MicroScale Thermophoresis (MST Service) is a biophysical technique that measures the strength of interaction (affinity) between two molecules by detecting variations in fluorescence signal as a result of an IR-laser induced temperature change. The range of the variation in the fluorescence signal correlates with the binding of a ligand to the fluorescent target. By that it allows for quantitative analysis of molecular interactions in solution on the microliter scale with high sensitivity.
The MST signal is composed of two major factors: The TRIC effect and the thermophoresis. TRIC stands for Temperature-Related Intensity-Change and describes how the fluorescence intensity of a fluorophore depends on the local temperature of the solution. For the vast majority of fluorophores, the fluorescence intensity decreases with increasing temperature. Most importantly, however, the extent of the temperature dependence is strongly related to the chemical environment of the fluorophore. This environment is sensitively affected by the binding of a ligand molecule to the fluorescently labeled target molecule.

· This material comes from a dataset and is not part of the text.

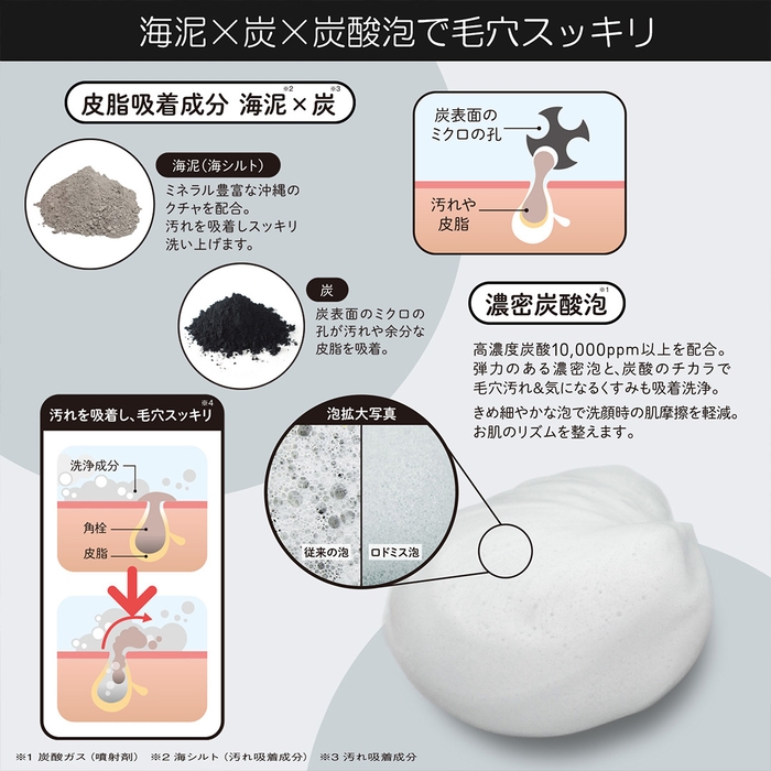 沖縄県産の海泥(海シルト)※2&炭※3を配合し毛穴汚れや皮脂汚れを吸着。古い角質によるくすみも落としてすっきり肌※4に。

The second component of the MST-signal, the thermophoresis describes the movement of molecules along temperature gradients which results in a quantifiable change of the local concentration of the target molecules. As these target molecules are fluorescently labeled in MST, such concentration changes can be monitored simply by fluorescence measurements. This directed movement of molecules depends on their molecular size, charge, and hydration shell. Binding of a ligand to a target molecule leads to the change of at least one of these parameters and therefore to an altered thermophoretic movement of the target-ligand complex compared to the single molecules alone.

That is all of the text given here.